SingleSource
Overview
Agents research and enter large volumes of property and risk data into a proprietary policy system—a time-consuming process. The business hypothesized that prefilled data from trusted sources would speed this process by reducing the need for verification.
But after shadowing and speaking with agents, I found that this solution didn’t reflect how they actually worked, or their unique needs, mindsets, and goals.
I designed an alternative approach that better aligned with their workflows, and we tested both methods to see which better supported user needs and business goals.
* Some images are intentionally blurred to comply with legal and confidentiality requirements related to my work with an insurance company.
Prefill Concept Testing
The test would inform how API-sourced data should be introduced into the policy system interface.
The initial belief was that showing trusted sources and descriptions for data automatically prefilled into form fields would lead agents to accept the data without further verification.
Agents emphasized that avoiding incorrect or out of date information in the data fields was their most important concern to prevent issues and criticism from both underwriters and customers. Agents verify each piece of data 2-3 times before entering it into a form field!

Methods and Participants
I conducted one-on-one sessions with insurance agents from different regions. Participants were selected based on their primary responsibility for entering data into the policy system.
The study was qualitative, relying on observational and interview data. Agemts interacted with both automatic and suggested prefill interfaces using realistic scenarios and were asked to provide feedback on usability, data trust, and preference.
Apply All Suggestions and Show Sources
An Apply all suggestions checkbox was added to the suggested prefill screens for aents who might want to quickly and easily apply all the data to the fields like the automatic prefill concept of the original hypothesis. It put Agents one more option to control how they entered the data.
As show sources checkbox was added to reduce screen clutter if agents found these sources unhelpful.
Key Findings
80% of the participants preferred the suggested prefill approach.
The remaining participants said they liked both approaches.
Participants reported that suggested prefill reduces unnecessary rework of erasing and retype incorrect data, offers flexibility when applying data, supports their workflows by promoting verification rather than blind trust, and improves information retention and accuracy.
While some appreciated the implied efficiency of automatic prefill, they ultimately prioritized accuracy and control.
Participants stated that they did not trust the accuracy or currency of the prefilled data source even from reliable known sources, and will continue verifying data with third-party tools, disproving the original hypothesis that providing data sources will increase trust.
Why the suggested prefill method was preferred
Increased agent Confidence
In the real world, If we see someone we think may need help, the polite thing to do is offer your assistance and then listen to their answer before automatically jumping in and helping the person, who may not always want or need the help you wish to give
A suggestion asks permission (“Can we help you?”), unlike automatic prefill, which assumes control (“There.
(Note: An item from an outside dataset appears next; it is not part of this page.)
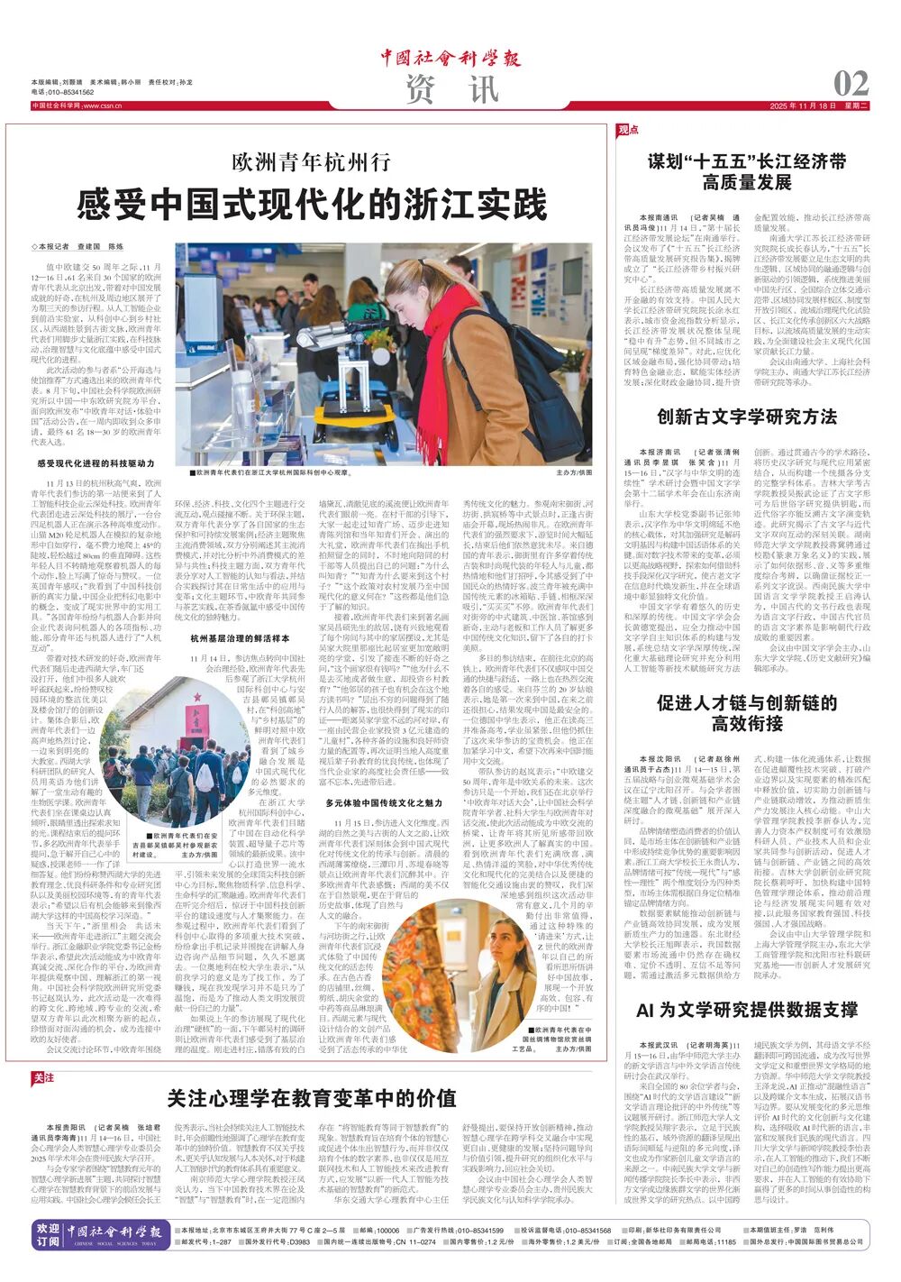 中国社会科学院欧洲研究所于11月17日在京成功举办首届“中欧青年对话会”(以下简称“对话会”)。本次对话会是深入学习贯彻习近平总书记关于青年工作的重要思想,落实高翔院长在我院首次青年工作会议上的讲话精神的重要举措。在对话会之前,11月12-16日,欧洲所组织30国61名欧洲青年赴浙江杭州参访,实地考察云深处科技、浙江大学杭州国际科创中心等高科技企业,访问西湖大学等顶尖科研机构,并深入安吉鄣吴村,亲身感受了中国式现代化发展成就、中华优秀传统文化魅力与基层治理实践经验。中国社会科学网于2025年11月18日对欧洲青年在浙江的活动进行了全面详细报道,原文标题《欧洲青年杭州行 感受中国式现代化的浙江实践》。

I ‘helped’ you.”). This second approach— a UX best practice—increases agents’ sense of autonomy and worth. They feel the company values their expertise and judgment, treating them as active, knowledgeable contributors. Agents report that automatic prefill makes them feel as if anyone—or even a machine—could do their job, which leaves them feeling undervalued.
Improved Data Quality
Participants did not inherently trust prefilled data—even when labeled with known sources—and reported they would continue verifying data with third-party tools regardless of the system’s claims.
Suggested prefill helps agents catch errors more effectively. While reviewing data, agents may occasionally overlook fields. Automatic prefill makes it harder to tell which data has been corrected, skipped, or left unchanged, often resulting in unnoticed errors because skipped fields fail to trigger error messages. Suggested prefill uses visual cues to prompt agents to engage with each data point, making mistakes easier to spot and correct.
Reduced Agent Frustration
With suggested prefill, agents feel empowered to ignore incorrect suggestions, whereas automatic prefill forces them to fix system errors by deleting the wrong value and entering the correct one.
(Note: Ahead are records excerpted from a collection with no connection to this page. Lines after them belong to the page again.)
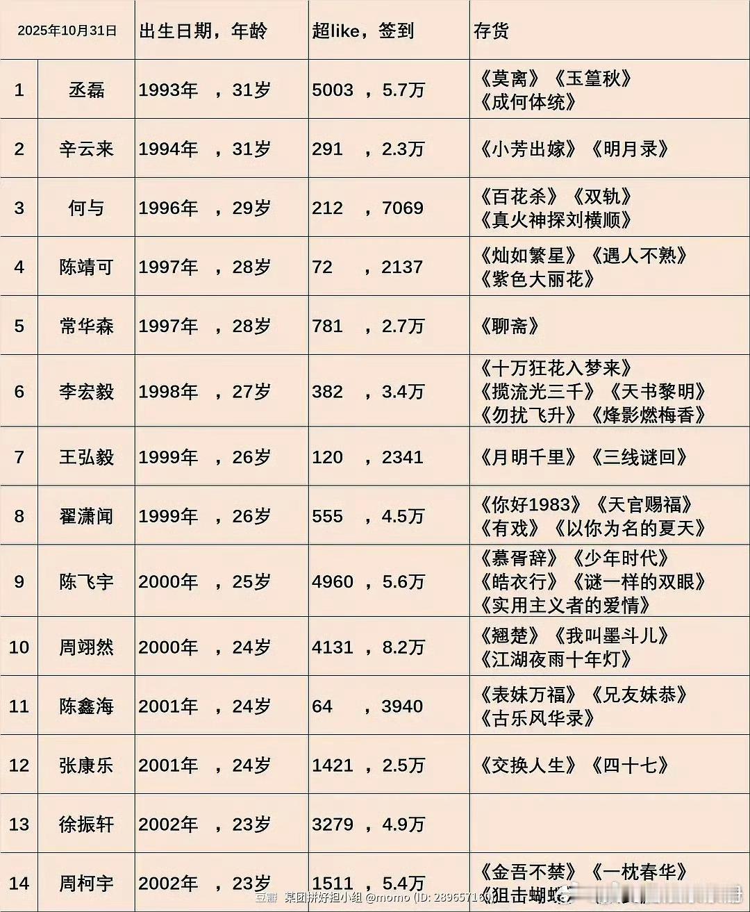 丞磊,常华森,张康乐,辛云来,王弘毅,陈鑫海,何与,陈飞宇,徐振轩,陈靖可,周翊然,周柯宇
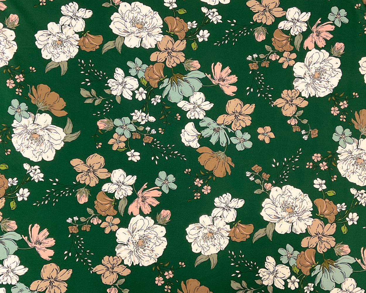 Green-Multi Poly Spandex Stretch Floral Print DB Jersey Knit Fabric
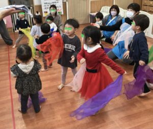最後はみんなでオーガンジーを使って楽しく
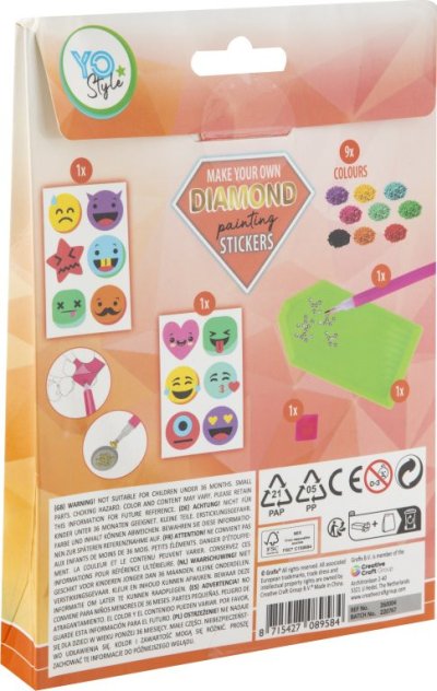 12 samolepek s motivy různých druhů ovoce. V sadě najdete vše potřebné - barevné kamínky, aplikátor, vosk i misku. Pomocí aplikačního pera nanášíte kamínek za kamínkem na označená místa na samolepkách. Nejsou potřeba žádné umělecké schopnosti.
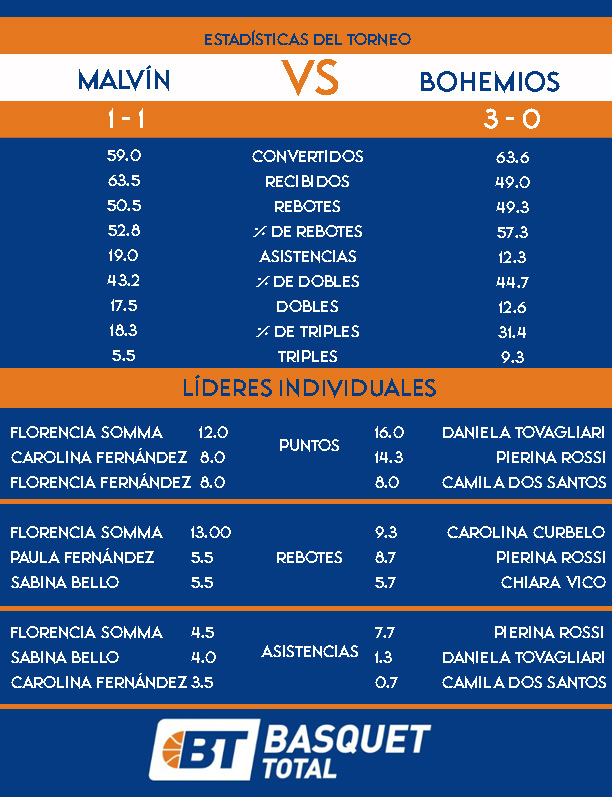 Malvín viene de alcanzar su primer triunfo en el campeonato, pero dejando dudas ante Aguada. Bohemios llega invicto en tres presentaciones. Florencia Fernández y Daniela Tovagliari serán bajas una por bando.
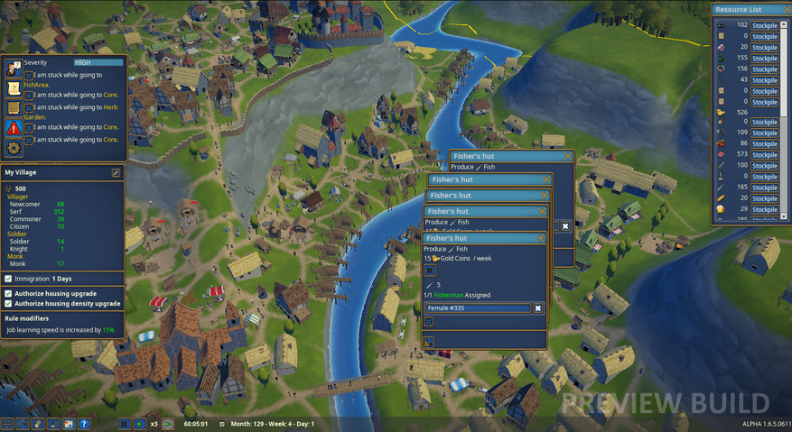 А вот интерфейс в игре — отдельная проблема. Он загроможден и не интуитивен. Множество нужных индикаторов или недоступны вообще, или спрятаны от начинающего игрока. Когда же игрок все-таки начинает открывать информацию, она быстро загромождает весь экран. Например, здесь открытие информации по одному зданию или жителю не закрывает другие аналогичные.

Repeatedly fixing mistakes they didn’t cause takes a psychological toll. It’s less frustrating to correct your own errors than someone else’s, and small annoyances compound over time. This buildup often leads to corner-cutting, which compromises long-term data quality rather than saving time.
Conclusion
Based on user feedback, the automatic prefill method failed to align with agents’ real-world responsibilities and risk aversion. Efficiency alone won’t drive adoption or trust.The design did not acknowledge their risk sensitivity need for accuracy, and their desire for autonomy.
The suggested prefill model respects these needs and offers a scalable, user-centered approach that enhances satisfaction and business outcomes while reducing cognitive friction, providing better error detection, and aligning more closely with agents’ established workflows and psychological needs. It respects the agent’s role as a data expert rather than a passive error-corrector
While automatic prefill may theoretically speed up task completion, the suggested prefill model delivers a more satisfying experience and may encourage greater willingness to write more policies—supporting the original profitability goal through user satisfaction rather than speed alone.